My brows raised, "Okay. Wow. Sounds like you felt guilty–"

"No. Not guilty. But if I would've said I needed time or we needed to go slow, you would've crumbled. Why would I hurt you like that? I was a hundred percent sure we'd end up together. Why did I have to wait? I wanted to hold you and kiss you forever. I never wanted to see you with someone else again. You're mine."

I blushed, licking my lips as his green eyes stormed possessively. "You still feel that way?"

"I do. You're mine. Always."

"I'm scared you're going to change your mind, Stefan."

"I'm not. I was a fool to push you away when Damon disappeared. There's no other explanation besides stupidity. Because I needed you. And I didn't want to be vulnerable with you. I was used to being there for everyone and every situation, being strong for you. But my brother was gone and my heart was broken. I didn't even know I'd ever feel that type or amount of heartbreak for him. Honestly, it felt like I died. I was scared and I ran."

"This is what I needed to hear when I found you."

He nodded, "I know."

I shook my head, "Anything else we should discuss?" I scoffed.

He furrowed his eyebrows, "Now why'd you have to say it like that."

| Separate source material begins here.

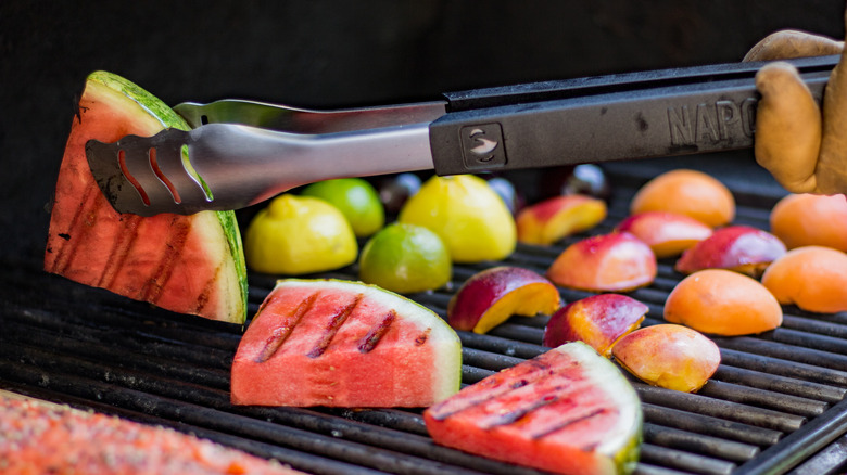 Summer cocktails won't just cool you off on a hot day. They're also refreshing pairings for the sizzling burgers you'll be pulling off the grill at summer cookouts. However, savory meats aren't the only dishes that benefit from being grilled. Your next summer cocktail needs a grilled fruit upgrade. Cocktail Instagrammer Katie Stryjewski, author of "Cocktails, Mocktails, and Garnishes from the Garden", agrees, telling us that, "grilling fruit adds a smoky flavor and also caramelizes the sugars, giving fresh fruit a sweeter, cooked flavor like pie filling." Rich caramelized grilled fruit makes the perfect spirit pairing as fruit, caramel, and smoke are common tasting notes in everything from whiskey to mezcal. The best news is that you can incorporate grilled fruit into a wide range of cocktails.
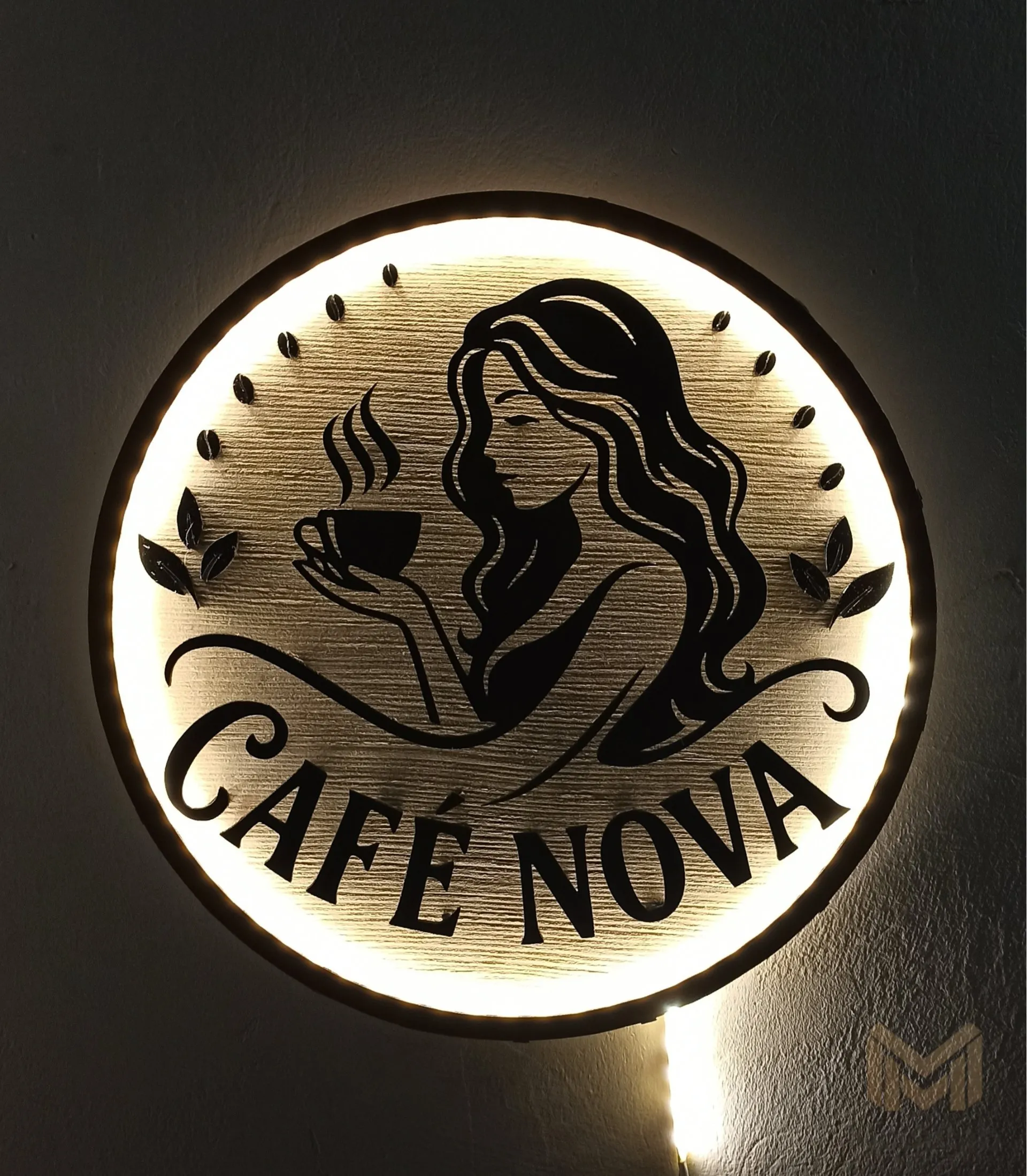 Letrero circular de 40 cm de diámetro, ideal para resaltar la identidad de tu negocio. Elaborado en MDF con acabado tipo roble claro, que aporta una apariencia cálida y natural. Los detalles en acrílico negro crean un contraste elegante, acompañado de iluminación LED que realza cada elemento del diseño. Cuenta con un logo único y completamente personalizado. Perfecto para dar un toque distintivo, moderno y acogedor a tu espacio comercial.

I chuckled softly, squeezing his hand that I held. I then hesitantly laid my head on his shoulder, sighing in content. It felt good to get things off my chest. It felt good to know his turmoil. It was hard to forgive when I didn't understand. But how could I understand if we never talked or said how we really felt. We just bottled things up and swept the bad times under the rug. If we didn't truly resolve or move on, of course those negative feelings affected future situations.

"It just feels like everything has been because of lack of communication. Because I do love you with all my heart. I have for years without stopping. And I know you love me. I do. But the idea of you loving someone else, Caroline, tore me apart. Maybe because of my own insecurities thinking that she was better than me or that I don't deserve you. Or maybe because I knew how lucky that bitch could be if she had you. The man of my dreams, the perfect man. Maybe I don't deserve you, but why the hell would anyone else when I've poured all this love into you and all this time into us?" I asked rhetorically. "And maybe I was more upset and mad about the idea of Caroline stealing you away because of the fact you pretended to be dead for months. I'm not over that. How could I be?"

"I know and I'm sorry–"

"No. I feel better about it then I did before we talked tonight. I'll get over it as soon as we get on the same page. We need to truly forgive and speak. This vulnerability is what made us fall in love to begin with. Your blood habits, my self-harm. We stopped being vulnerable with each other when we started hurting one another. And then because we want to be together we pretend we're okay when we might not be. Which is totally okay!"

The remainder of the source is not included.